The Senate rejected the baseless propaganda against China from certain quarters, which stems from geopolitical rivalry and is more an attempt to divert attention from their own internal failings as it has no factual basis.
Policy statement on Kashmir
Foreign Minister Shah Mehmood Qureshi, while making a policy statement on Kashmir in the house, said India was continuously committing violations along the Line of Control to divert the attention of the world and give a wrong impression to it that there was an infiltration going on in India from launching pads from across the borders.
He said these violations had increased to an alarming proportion and since January this year, India has committed 975 violations [along the LoC] in which six civilians were martyred and 69 critically injured. He said the international community and other human rights bodies were criticising the BJP-led government in India due to Pakistan’s diplomatic initiatives and outreach.
The minister said coronavirus-related lockdowns were making the world realise about the restrictions of fundamental freedoms being faced by the people of India-held Kashmir since last year. “Today the world is realising what a lockdown feels like. But Kashmiris have been under a continuous military siege and lockdown for the last nine months,” he said.
He said Kashmiris had been deprived of their fundamental freedoms such as right to life, right to health, right to food, right to assembly and right to expression since India striped the region of its special status last year. He said Pakistan wanted that India should be held accountable for its human rights violations in occupied Kashmir and other parts its own country.

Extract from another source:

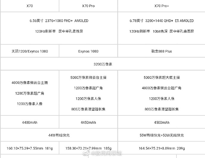 The vivo X70 series is launching later this week, but a new leak seemingly reveals the three phones’ core specs well beforehand. Weibo tipster Digital Chat Station has published a table detailing the vivo X70 Pro Plus, X70 Pro, and standard X70 in a little more detail. Interestingly, the leak suggests that the three phones could be available with MediaTek, Samsung, and Qualcomm SoCs.

“We want that international media and international observers should be allowed to visit IHK to see the situation there,” he said, adding that lockdown enforced in the held valley on Aug 5 last year and restrictions of peaceful assembly should be lifted from the disputed region immediately. “Food supplies should be restored [in the valley]… and draconian laws in IHK should be scrapped once for all,” he said.
Mr Qureshi demanded that Indian immediately withdraw its 900,000 occupation forces from held Kashmir and reverse its step of annexation of the disputed region. “We want to say that Pakistan will continue to highlight state terrorism of India at international forums and we stand by the wishes of the people of Kashmir about their right to self-determination,” he said.
The minister said they could have had their political differences but they were one when it came to Kashmir.